Matthew G. Smith, CPP Executive Director, & Cheryl

  • Tell us about your organization, who does it help
    • Long-time tenured staff especially Cheryl since the 80’s
    • Area schools is where most of their work occurs
    • Training, informational campaigns for people to make better choices
    • Try to stop problems before they start with the terrible disease of addiction
  • How do you receive most of your funding
    • 80% of it is state tax dollars and as a result they are heavily scrutinized by those authorities. A small amount from NY council on gambling
    • Private donations
  • What are examples of what would you could do with the donated funds
    • See slides 3+ of their presentation for the multiple programs they run. Over 5,000 people a year are served
    • Help people go down the road of life with as few problems as possible, proactively
    • The money can be specific or go into general funding for the below programs
    • Cheryl: It takes a village, not just one parent to teach life skills. Evidence-based education to help with effective decision making, social interaction, empathy, physical strength/support, strengthen communication friendship-making skills, teamwork/celebration, Suicide prevention training: 1-hour, 3-hour, all-day, 2-day trainings. Everybody matters to everybody else. Work with University of Rochester working throughout the region to develop modalities in different schools.

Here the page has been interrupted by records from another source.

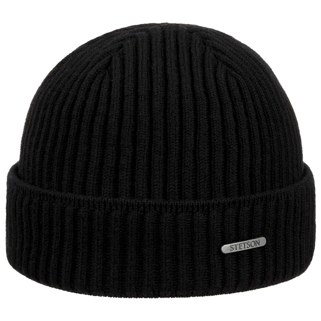 Svart beanie i mjuk merinoull från Stetson. Tillverkad i Italien med bred uppvikt kant som ger en modern och tidlös look. Reglerar temperatur, motverkar lukt och statisk elektricitet.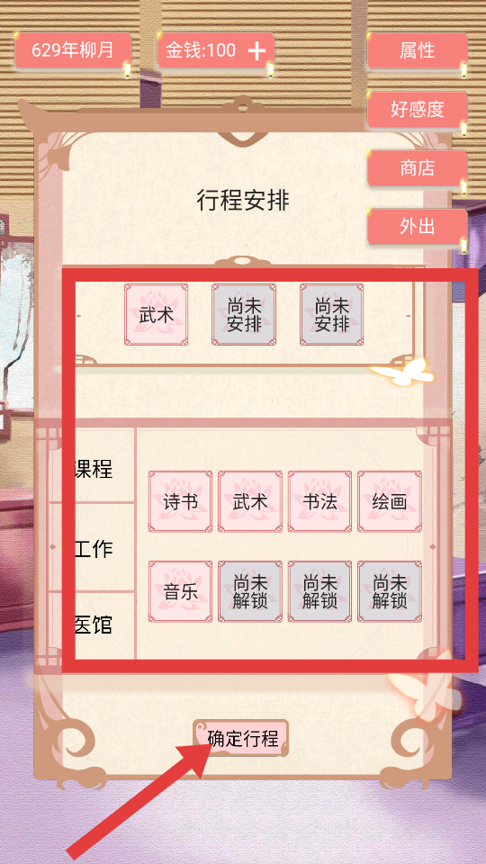 4、玩家在行程安排界面,可選擇詩書、武術等課程或其他活動來規(guī)劃角色的日程,不同選擇會影響角色發(fā)展。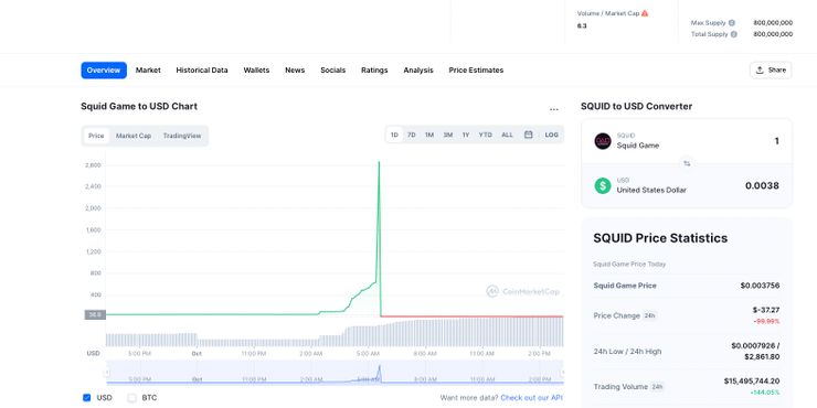 Avance rápido hasta noviembre de 2021, y algo similar ha sucedido nuevamente. La semana pasada, una nueva moneda llamada ‘SQUID’ comenzó a circular como Calamares-criptomoneda temática. La moneda obviamente no tenía afiliación con Netflix o los creadores del programa, pero usó el nombre para atraer a personas familiarizadas con la serie. Gizmodo informa que el sitio web ahora eliminado estaba plagado de errores ortográficos y gramaticales, la cuenta de Twitter de SQUID no permitió ninguna respuesta a sus publicaciones y el canal oficial de Telegram de la moneda prohibió los comentarios de nadie. Todas las banderas rojas, ¿verdad? Eso no detuvo a los principales medios de comunicación como CNBC y BBC de informar las noticias. SQUID siguió aumentando en popularidad, el valor de la moneda se disparó en un 83,000 por ciento y alcanzó un valor máximo de $ 2,861 por moneda. Sin embargo, alrededor de las 5:40 a.m. ET del 1 de noviembre, el valor de SQUID se redujo a $ 0.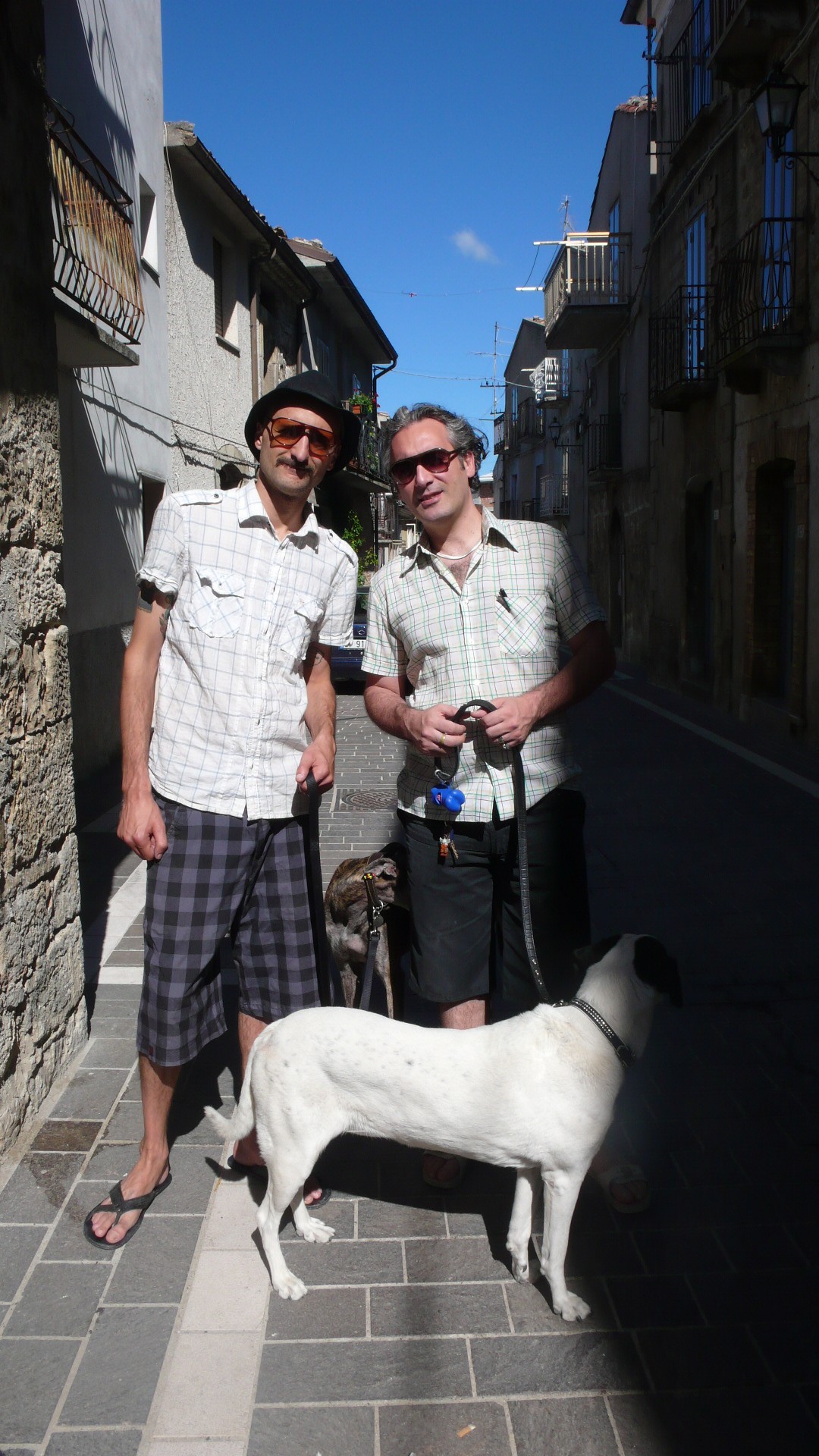 Di Amigo Mio (a sinistra nella foto) che dire? Ariete da piccino, è sempre stato un “apripista”, come si evince dal ruolo che impersona nelle serate guilmesi, nelle quali Santo Johnny prepara il terreno di note discreto e mnemomorfico, e il vocalist Amigo Mio sconquassa il materasso mettendo a propio agio, ma anche molto a disagio. Ricordo, per esempio, l’infelice exploit: “Guilmi 2011, altro che terremoto”, da cui scaturì il felicissimo adagio “E’ colpa mia”. Oppure il più recente “il tramonto sul mare è gay, l’alba sul mare è macho”, che mandò in delirio le folle della costa adriatica nell’estate 2013. Esperto in incitamenti da Tagadà, a richiesta svolge anche l’attività di dog sitter. Sulla sua reale identità ci sono numerosi dubbi: non si sa chi sia realmente o cosa faccia nella vita di ogni giorno; si registrano svariate apparizioni di suoi alias in un gioco di identità impossibile da decifrare. Di seguito alleghiamo una serie di documenti che presentano peronaggi sotto le spoglie dei quali forse si nasconde un Rettiliano: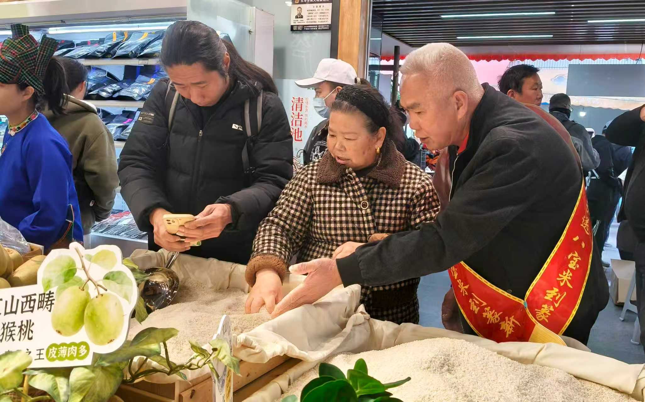 “我们这个米,一年只种一季,一辈一辈传下来的种法,没有任何添加,每一粒都是最地道的文山味道。”八宝贡米的摊位前围满了市民,广南八宝镇板幕村老村长王永跃用最淳厚的乡音给顾客们介绍家乡的宝贝。

Charity URL: https://www.alz.org/wny

Presentation Notes:

Julia Szprygada Education & Training Director 

  •  Tell us about your organization, who does it help
    • Not just for Alzheimer's. Any individual in a cognitive decline, progressive in nature, serious enough to affect their life (think, remember, reason, navigate).
    • Alzheimer's: The numbers are astounding. Every 66 seconds someone develops it. Almost 6 million now; 14 million by 2050. The only disease in the top 10 that does not have a cure, prevention or effective treatment.
    • See their Programs and Services slide for all aspects of free support they offer including day respites, relief for caregivers, safety bracelet gps tracking, and research. Research shows supportive intervention can improve quality of life including for the caregivers, reduces emergency room, keeps people functioning better and longer for additional years.
    • They are the 3rd largest and impactful research organization and are faster to fund research, less red tape. All programs are free of charge.
  • How do you receive most of your funding
    • Primarily individual donations and fundraising events. 5 different walks are hosted a year.
    • Some grants such as the social programs to help cover the costs for admission/transportation.
    • Research funding: they have found that prevention and interventions are working and more successful than any medication they have tried.
  • What are examples of what would you could do with the donated funds
    • Donations can be earmarked to something specific if needed, specific programs, research, etc.